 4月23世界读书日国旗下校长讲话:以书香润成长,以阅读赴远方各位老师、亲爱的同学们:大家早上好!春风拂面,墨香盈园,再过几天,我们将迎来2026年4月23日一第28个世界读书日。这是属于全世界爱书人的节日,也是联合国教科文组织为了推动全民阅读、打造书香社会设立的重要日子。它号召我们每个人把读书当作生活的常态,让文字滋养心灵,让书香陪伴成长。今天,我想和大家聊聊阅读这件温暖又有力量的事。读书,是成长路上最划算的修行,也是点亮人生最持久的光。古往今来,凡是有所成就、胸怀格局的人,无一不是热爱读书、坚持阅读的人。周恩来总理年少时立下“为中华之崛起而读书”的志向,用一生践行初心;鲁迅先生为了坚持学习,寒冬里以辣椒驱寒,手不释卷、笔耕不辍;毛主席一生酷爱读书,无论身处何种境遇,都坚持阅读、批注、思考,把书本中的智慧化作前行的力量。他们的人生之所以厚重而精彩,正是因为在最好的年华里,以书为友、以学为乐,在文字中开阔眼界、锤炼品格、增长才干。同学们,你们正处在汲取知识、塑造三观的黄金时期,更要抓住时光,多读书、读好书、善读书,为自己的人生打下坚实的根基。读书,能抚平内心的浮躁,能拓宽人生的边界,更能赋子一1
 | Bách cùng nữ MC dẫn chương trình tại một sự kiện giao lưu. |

───

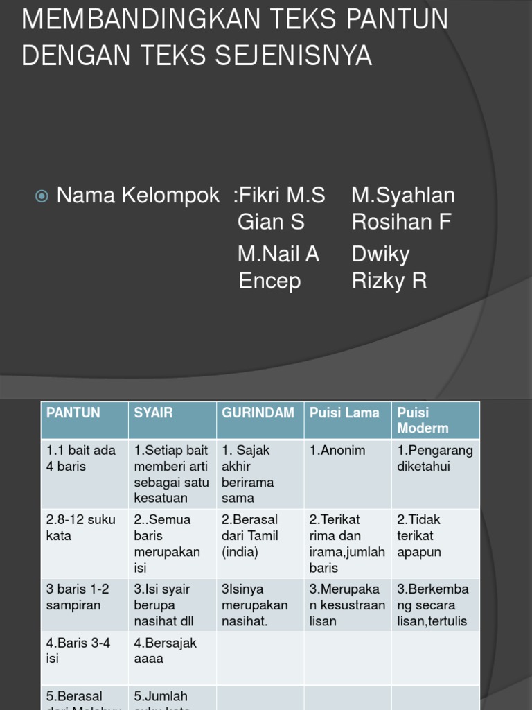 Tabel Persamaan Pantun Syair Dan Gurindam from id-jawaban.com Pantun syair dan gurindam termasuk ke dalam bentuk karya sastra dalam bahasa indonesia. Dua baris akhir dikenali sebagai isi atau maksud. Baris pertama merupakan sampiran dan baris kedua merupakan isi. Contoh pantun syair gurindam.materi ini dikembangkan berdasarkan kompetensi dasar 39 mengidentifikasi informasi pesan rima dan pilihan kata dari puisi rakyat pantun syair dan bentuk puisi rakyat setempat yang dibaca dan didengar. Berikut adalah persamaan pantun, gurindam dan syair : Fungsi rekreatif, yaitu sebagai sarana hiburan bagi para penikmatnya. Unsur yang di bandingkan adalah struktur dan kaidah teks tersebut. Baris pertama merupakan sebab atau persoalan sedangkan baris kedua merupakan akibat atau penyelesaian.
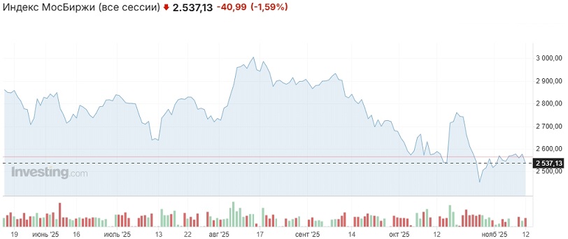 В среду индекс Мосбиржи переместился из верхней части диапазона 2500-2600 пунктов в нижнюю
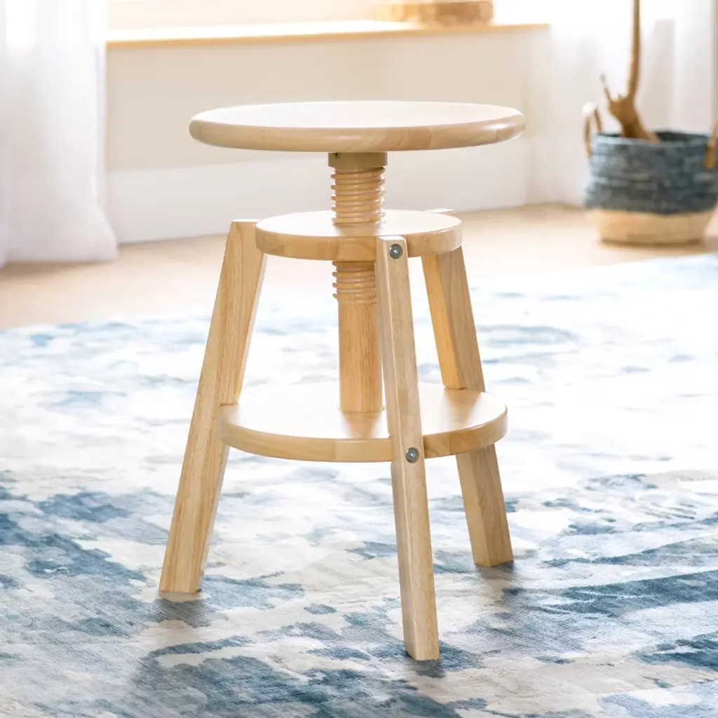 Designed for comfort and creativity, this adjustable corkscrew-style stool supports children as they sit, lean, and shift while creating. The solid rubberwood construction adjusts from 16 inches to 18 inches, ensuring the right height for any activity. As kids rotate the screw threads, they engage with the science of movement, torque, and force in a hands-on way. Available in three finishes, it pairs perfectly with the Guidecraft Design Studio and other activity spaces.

───

Problem to work on – Retype exactly the lines of the data above that fall between the line with "4月23世界读书日国旗下校长" and the line with "giao lưu. |", inclusive, and add nothing.

Task result –
 4月23世界读书日国旗下校长讲话:以书香润成长,以阅读赴远方各位老师、亲爱的同学们:大家早上好!春风拂面,墨香盈园,再过几天,我们将迎来2026年4月23日一第28个世界读书日。这是属于全世界爱书人的节日,也是联合国教科文组织为了推动全民阅读、打造书香社会设立的重要日子。它号召我们每个人把读书当作生活的常态,让文字滋养心灵,让书香陪伴成长。今天,我想和大家聊聊阅读这件温暖又有力量的事。读书,是成长路上最划算的修行,也是点亮人生最持久的光。古往今来,凡是有所成就、胸怀格局的人,无一不是热爱读书、坚持阅读的人。周恩来总理年少时立下“为中华之崛起而读书”的志向,用一生践行初心;鲁迅先生为了坚持学习,寒冬里以辣椒驱寒,手不释卷、笔耕不辍;毛主席一生酷爱读书,无论身处何种境遇,都坚持阅读、批注、思考,把书本中的智慧化作前行的力量。他们的人生之所以厚重而精彩,正是因为在最好的年华里,以书为友、以学为乐,在文字中开阔眼界、锤炼品格、增长才干。同学们,你们正处在汲取知识、塑造三观的黄金时期,更要抓住时光,多读书、读好书、善读书,为自己的人生打下坚实的根基。读书,能抚平内心的浮躁,能拓宽人生的边界,更能赋子一1
 | Bách cùng nữ MC dẫn chương trình tại một sự kiện giao lưu. |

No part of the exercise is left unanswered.